Amy Amatangelo at Paste, however, was less impressed:
The plot of Luck is far too dense and convoluted. I suspect the movie’s target audience won’t have the patience for it. Maybe they will be distracted by the sparkly crystals and funny unicorns. But at 106 minutes, the movie’s length and intricate plot will probably leave most kids slightly bored. (In my very unscientific study of two children, the movie kind of lost them at the midway point.)

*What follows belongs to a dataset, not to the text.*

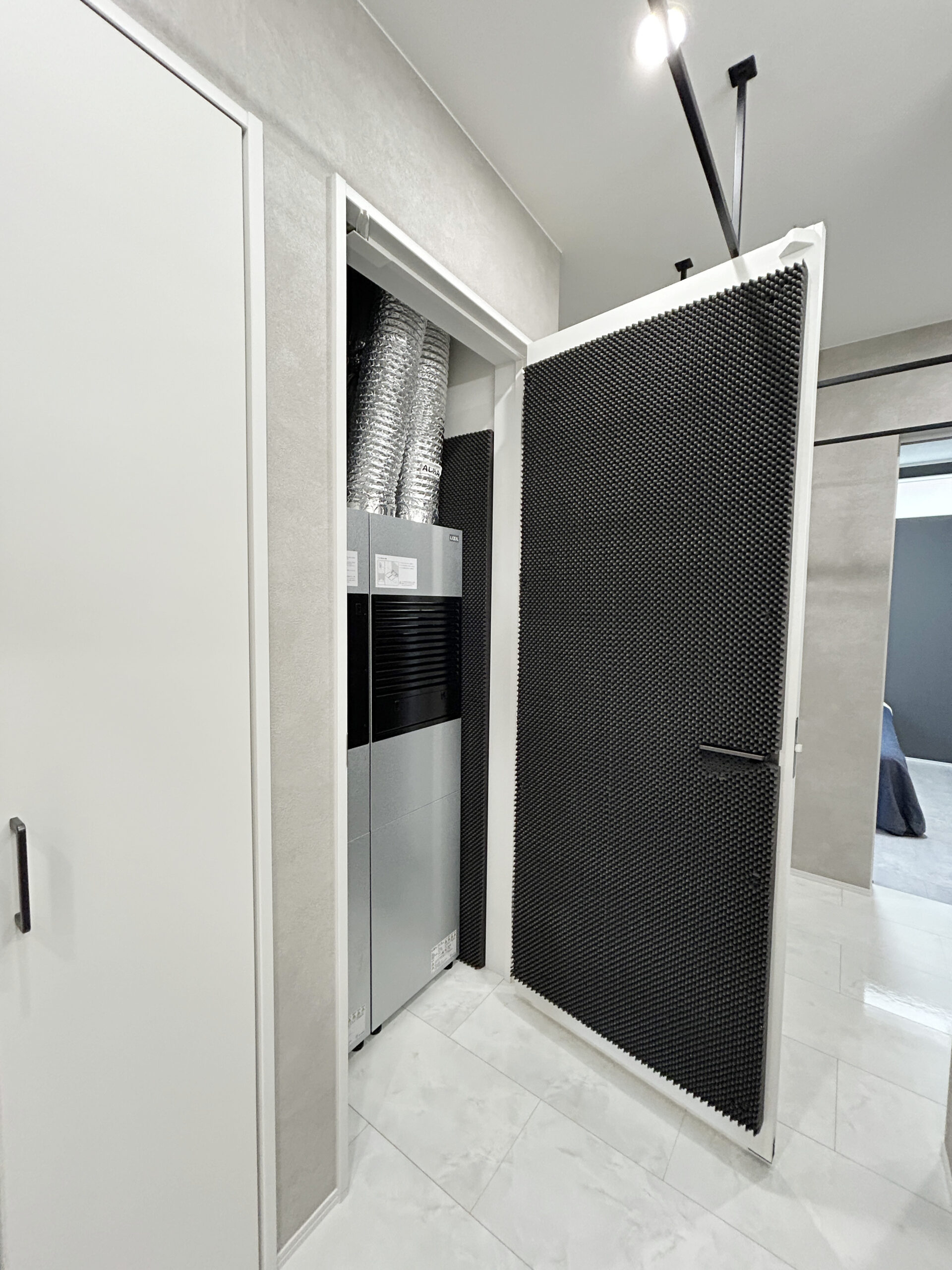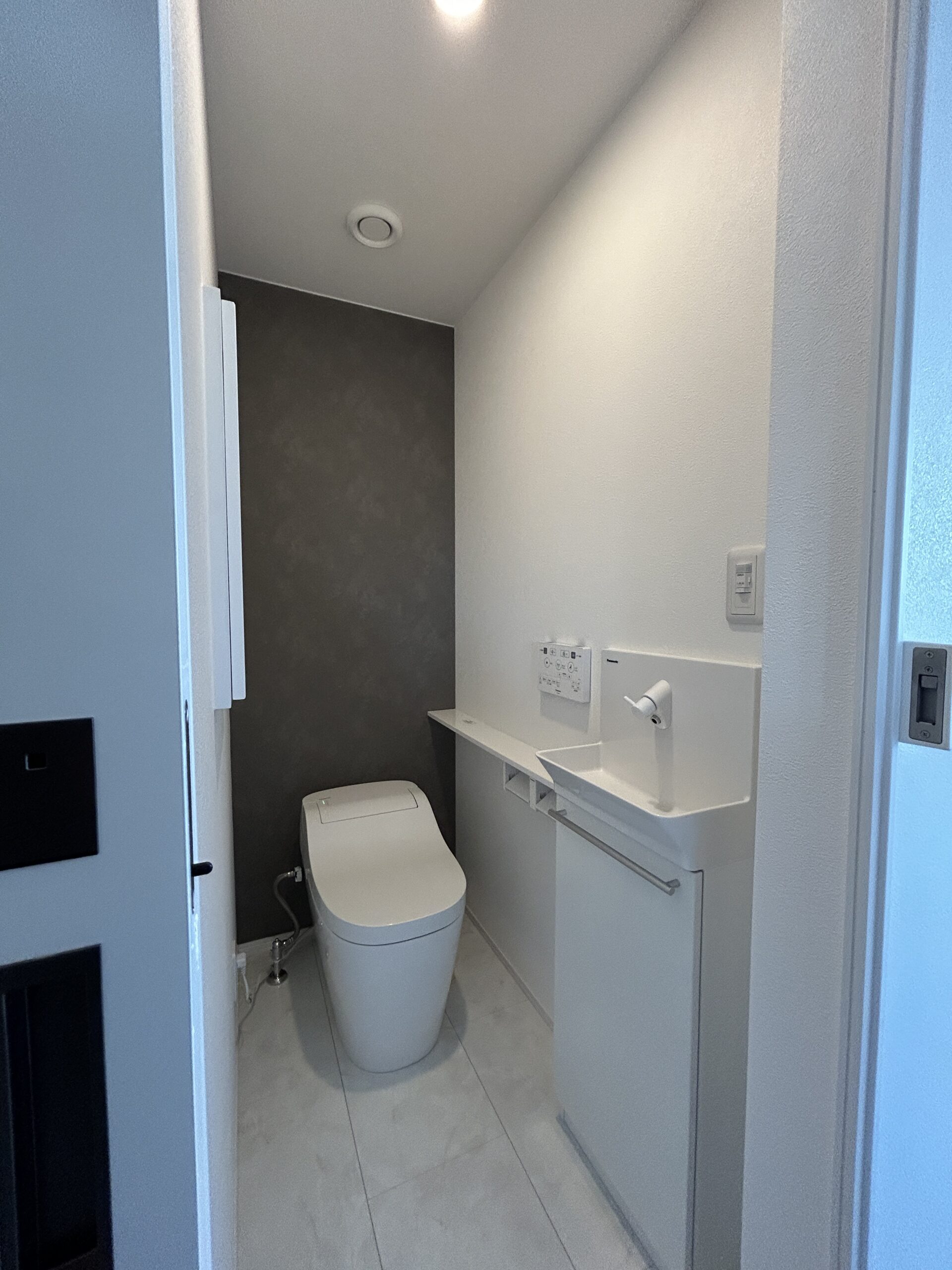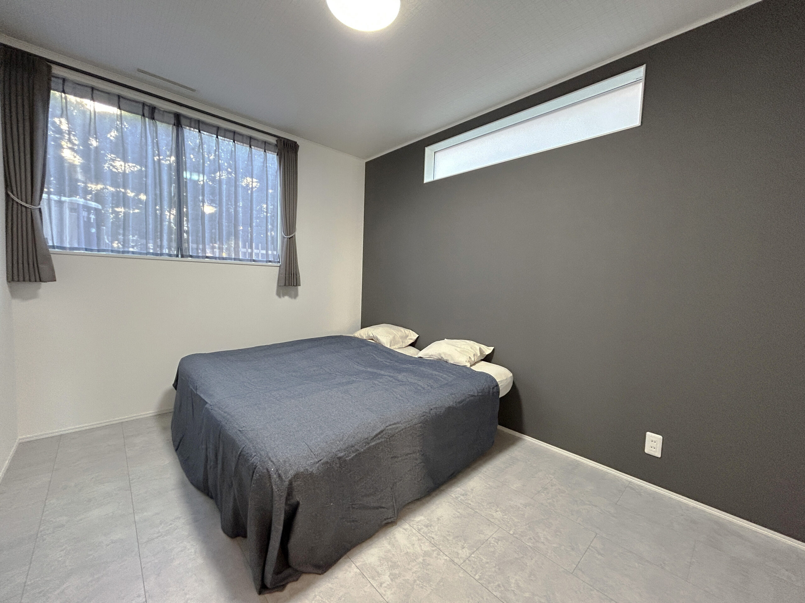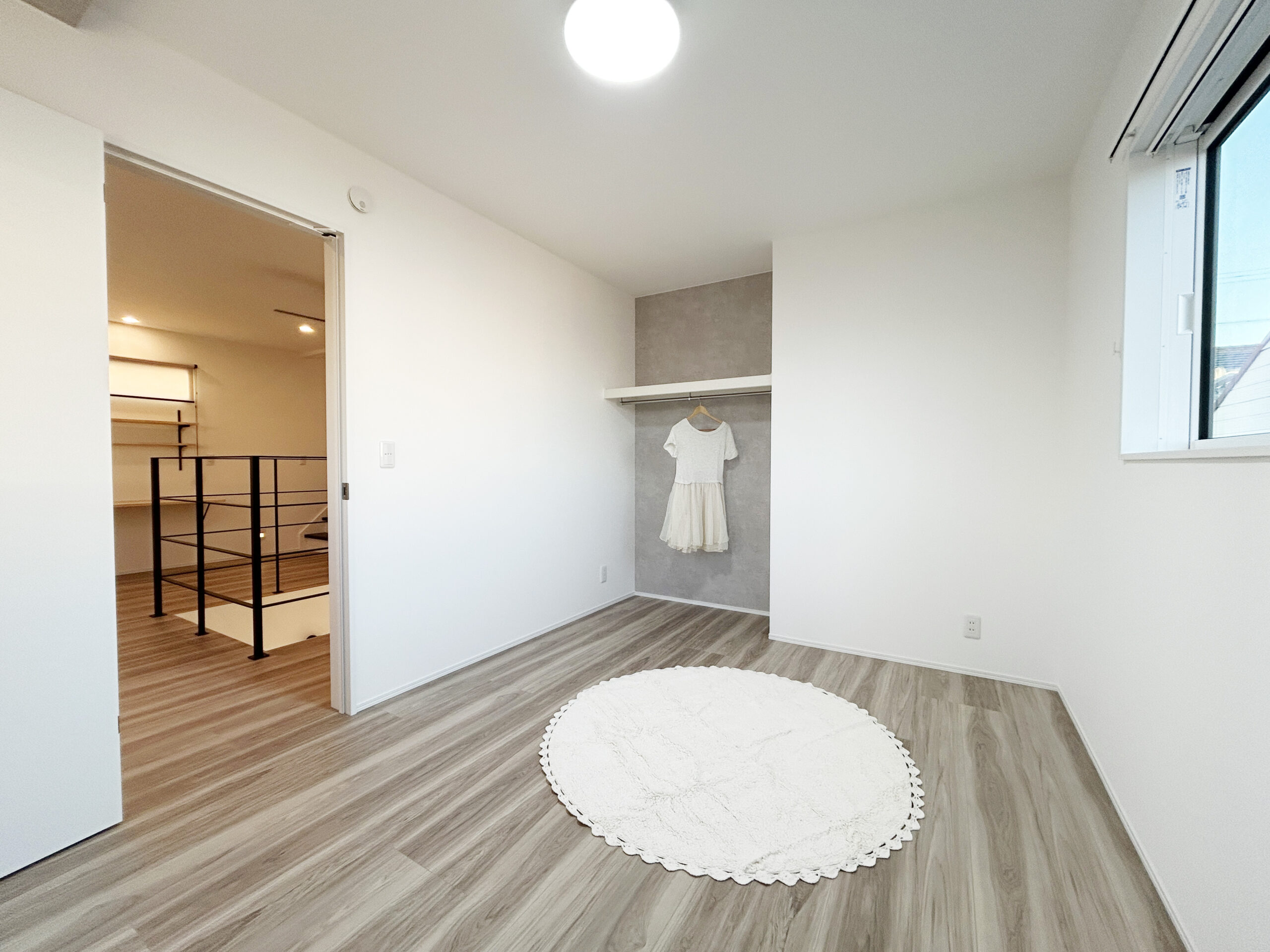 クローゼットの先には、グレーのアクセントクロスが落ち着く寝室

Hoai-Tran Bui of Slashfilm placed the film against Ghibli and Pixar projects and was unimpressed:
Luck might be a fun time if it weren’t so clearly reminiscent of other, better movies. But apart from some genuinely stunning visuals (the design of the Land of Luck in particular is a beautiful piece of retrofuturism with a fantasy twist), Luck can’t help but feeling like a Ghibli film processed through a Pixar formula. The gentle whimsy and imaginative world of Ghibli is there, as is the Pixar tendency to cleverly turn high-concept ideas into mundane bureaucratic structures. It doesn’t help that its story and even some of its imagery is plainly inspired by Ghibli’s The Cat Returns, a 2002 fantasy film directed by Hiroyuki Morita that followed a teenage girl who finds herself invited to the fantastical land of cats. The funny thing is, Pixar has taken elements from Ghibli films before (Lasseter is a known fan of the Japanese animation studio), but recycled them in exciting and interesting ways – the Spirited Away influences in Coco and the ecstatic flight scene in Toy Story being just a couple. In Luck, those nods only feel like a halfhearted way to capture the magic of both Ghibli and Pixar.
David Ehrlich of Indiewire also drew comparisons to Ghibli and Pixar and felt that Luck came up short:
The magical world of Luck has none of the workaday creativeness that allowed Monsters, Inc. to tickle the imagination, none of the narrative integrity that allowed Inside Out to conflate characters with emotions, and none of the wonder that allowed the bathhouse in Spirited Away to seem like a real place that existed just out of sight. Credited to Jonathan Aibel, Glenn Berger, and Kiel Murray, the film’s script isn’t arranged like a story so much as a parade of semi-related stimuli. Here are some bunnies in hazmat suits, there’s a dragon voiced by Jane Fonda, now Sam has to pretend that she’s Latvian (don’t ask). That building seems copy-pasted from Asgard, those two are connected by high-speed bumper cars, and all of them seem to be made out of plastic.